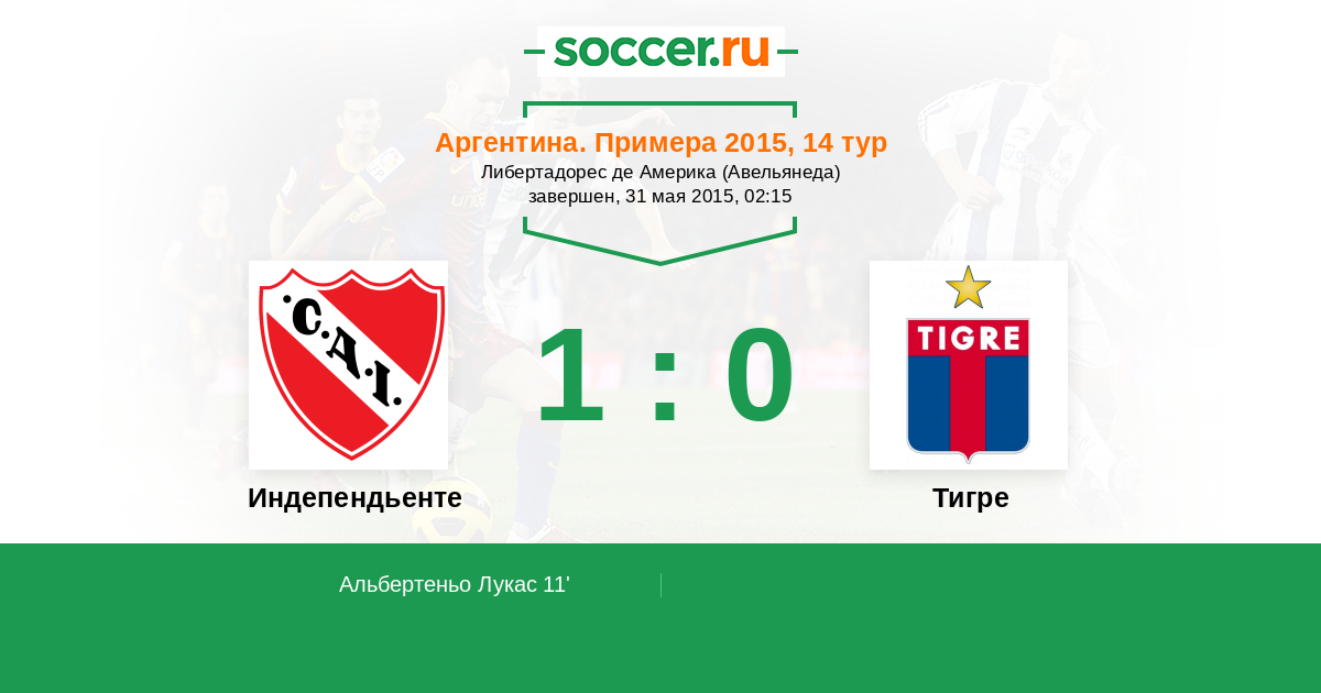 11' (1:0) Альбертеньо Лукас (18) (Хесус Мендес (8))
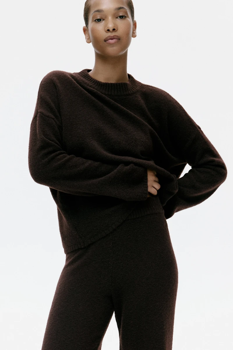 Soft, knit sweater. Round, ribbed neckline, heavily dropped shoulders, and long sleeves. Narrow ribbing at cuffs and hem.
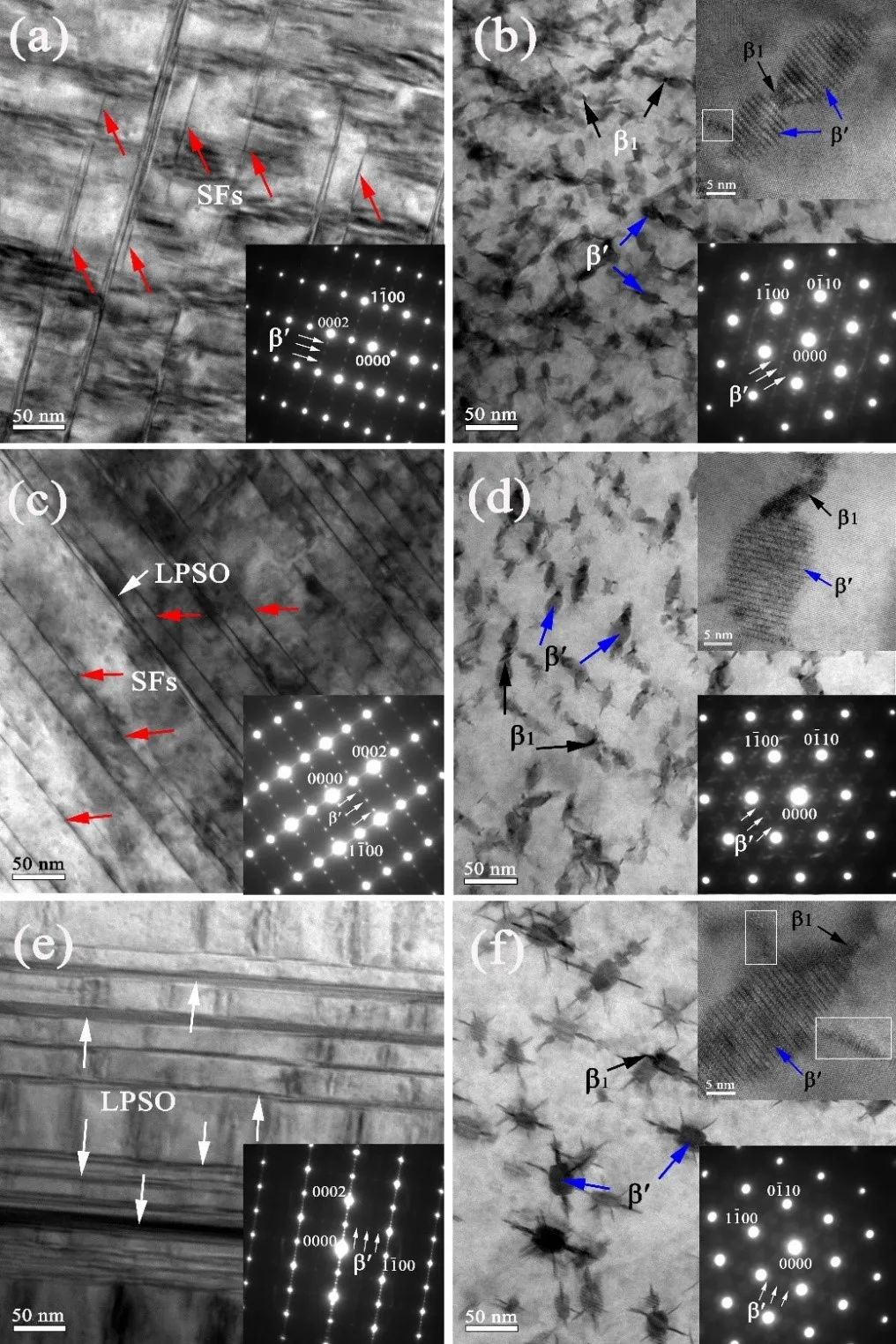 重點(diǎn)研究了基面析出相-LPSO相、層錯(cuò)與柱面析出相-β′相的相互作用關(guān)系,結(jié)果如圖3所示。獲得細(xì)小且彌散分布的β′相是高強(qiáng)韌鎂合金的主
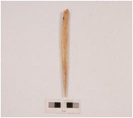 | Description / विवरण | A bone point, one end is broken and flat, another end is pointed, surface is smooth and polished white in colour. |
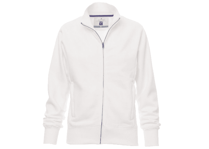 Nauwsluitend damessweatshirt, doorlopende metalen SBS-rits, enkele runner, geribd aan de zijkanten, twee zakken met rits, ribboorden met stretch aan de zoom en mouwen en binnenkraag, versterkte naden.
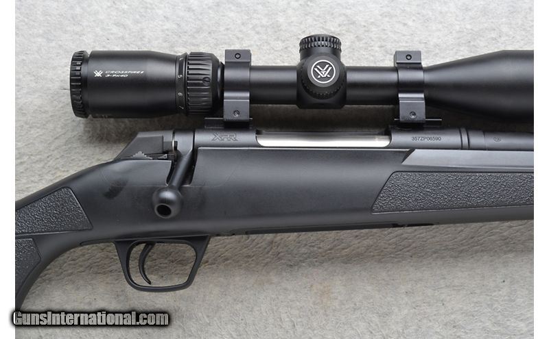 Description: This Winchester Model XPR is a right hand bolt action rifle in .30-06 Sprg. Cal. It has a 24 inch barrel. It is outfitted with a Vortex Crossfire 3-9x40 Scope. No iron sights. The butt stock is a textured grip black polymer pistol grip. The forearm is a textured grip black polymer. It has a loaded chamber indicator .30-06 Springfield SOLD Chambers: Right hand bolt action detachable magazine. Metal Condition: Very good. A few minor surface marks. Bore Condition: Excellent. Barrels: 24 inch. Stock Dimensions: LOP 13 5/8 inches. Fore End: Textured grip black polymer. Butt Pad: Black rubber recoil pad. Weight: 8 lb. 2 oz. Sights: Vortex Crossfire 3-9x40 Scope. Item Location: Richfield, WI |
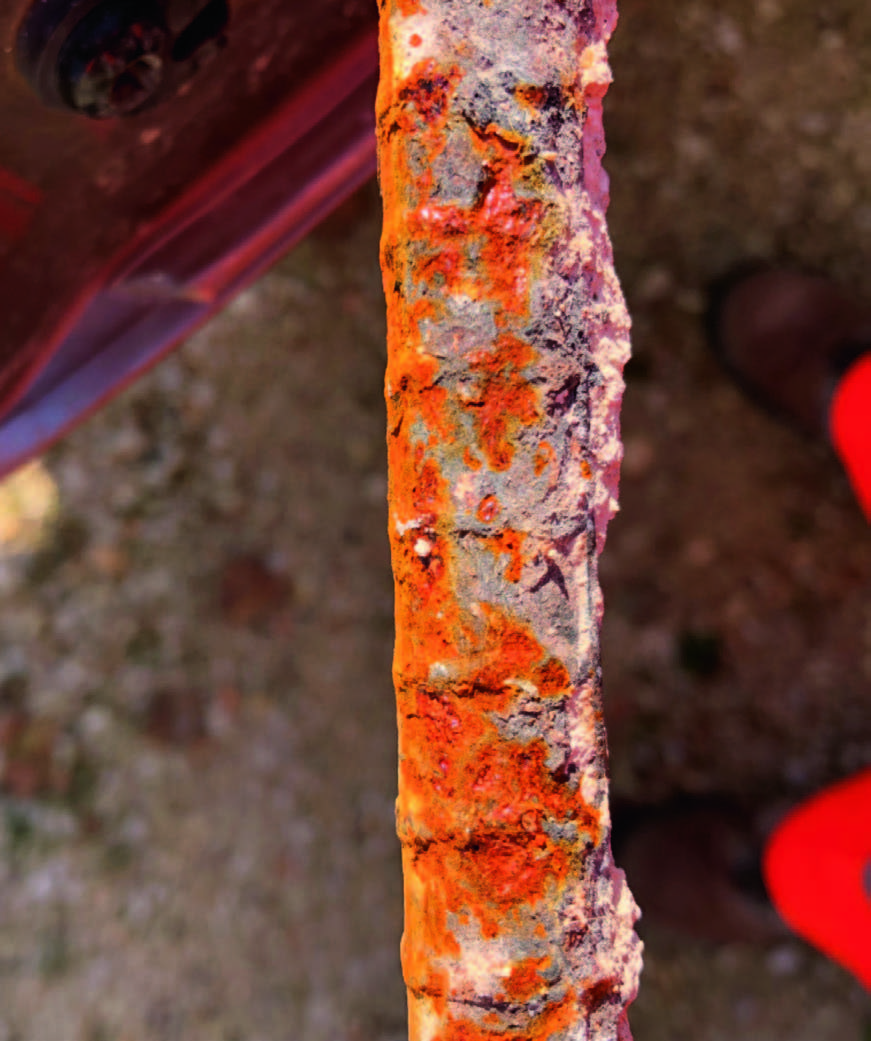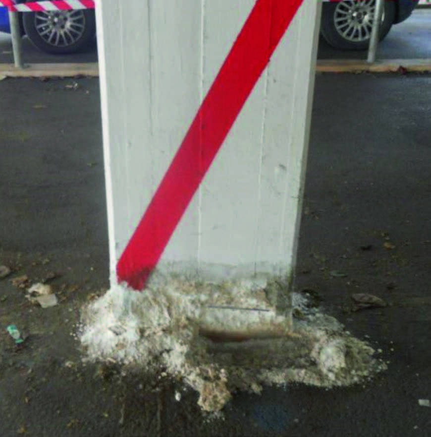 L’esposizione agli agenti atmosferici inoltre è anche causa del dilavamento della calce libera. Il calcestruzzo cosi impoverito si danneggia in modo importante e facilita l’esposizione delle barre privandole della originaria protezione. ■

• • • • •

Problem details
All that is needed is an exact copy of the lines from the top of the entries through the line containing "in colour. |", pictures left out.

Solution
 11' (1:0) Альбертеньо Лукас (18) (Хесус Мендес (8))
 Soft, knit sweater. Round, ribbed neckline, heavily dropped shoulders, and long sleeves. Narrow ribbing at cuffs and hem.
 重點(diǎn)研究了基面析出相-LPSO相、層錯(cuò)與柱面析出相-β′相的相互作用關(guān)系,結(jié)果如圖3所示。獲得細(xì)小且彌散分布的β′相是高強(qiáng)韌鎂合金的主
 | Description / विवरण | A bone point, one end is broken and flat, another end is pointed, surface is smooth and polished white in colour. |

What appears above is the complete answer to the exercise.